Create a volume group, then one logical volume for swap, and use the rest for our root partition.

vgcreate ubuntu-vg /dev/mapper/root
lvcreate -L 4G -n swap ubuntu-vg
lvcreate -l 100%FREE -n root ubuntu-vg

Install Ubuntu#

Since this encrypted device is already unlocked and LVM has been prepared, we can use the normal GUI installation in Ubuntu to install into it.

If you want to double check at this point, you can run gparted as root which should show the partitions you just created.

Start the regular Ubuntu installation, select language, keyboard layout etc. and then select “Something else” when asked about how you want to install.
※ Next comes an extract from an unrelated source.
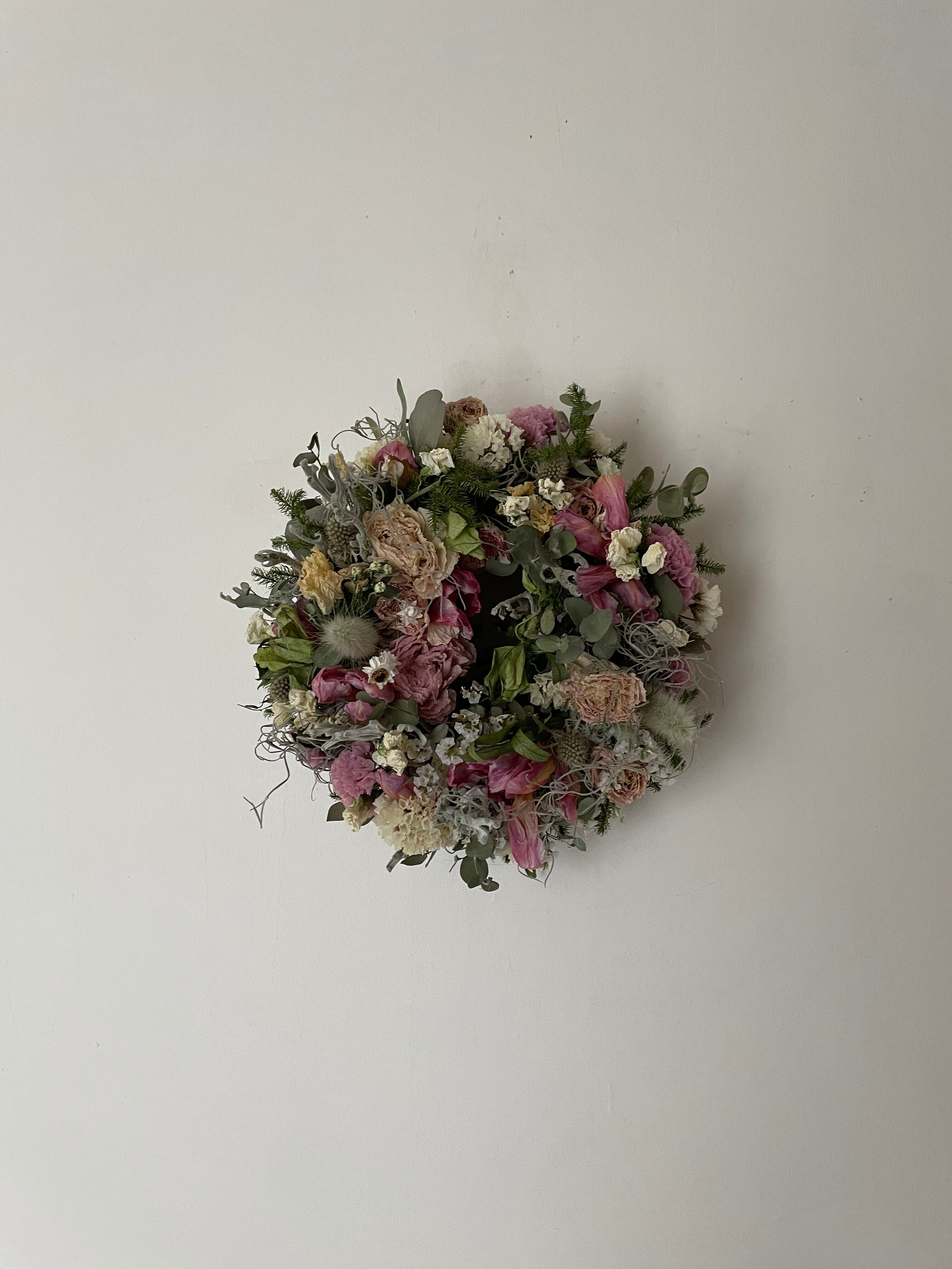 ラナンキュラスに八重のチューリップ、ラナンキュラスや小花を入れてラウンドリースを作りました。

Here’s what we’ll do in the installation GUI:

  • Edit /dev/mapper/ubuntu--vg-root, set to ext4 mounted at /, and format it.
  • Edit /dev/mapper/ubuntu--vg-swap, set to swap area.
  • Edit /dev/sda2, set to ext4 mounted at /boot, and format it.

Let the installation complete, but – do not – reboot or shut down the installation (select “Continue Testing”).
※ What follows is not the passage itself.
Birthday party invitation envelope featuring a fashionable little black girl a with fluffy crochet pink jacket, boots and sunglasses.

The reason we must keep the installation going is that the installation wizard does not understand that it has actually installed Ubuntu into an encrypted device, so we need to add some configuration to the installation we just did while it’s still open so that it will prompt the user for the passphrase to decrypt it.

chroot into the installation#

We’ll use /target for mounting our installed system:

mount /dev/mapper/ubuntu--vg-root /target
mount /dev/sda2 /target/boot
for n in proc sys dev etc/resolv.conf; do mount --rbind /$n /target/$n; done

Before jumping into it, we need to figure out the UUID (not PARTUUID) of the encrypted partition (/dev/sda3). This can be found by running:

blkid /dev/sda3

Save this for later.

Since /target is now a usable environment, we can chroot to it:

chroot /target
mount -a

Now create and edit /etc/crypttab which likely does not exist and add the name for the device, the device itself (by UUID, no quotes) and some options:

root UUID=your_uuid_here none luks,discard

Save the file, then apply your changes by running:

update-initramfs -k all -c

This will re-generate your initrd images, and when done you’re ready to reboot. After the reboot, you should be greeted with a prompt asking you for the passphrase to decrypt “root”, and that’s it!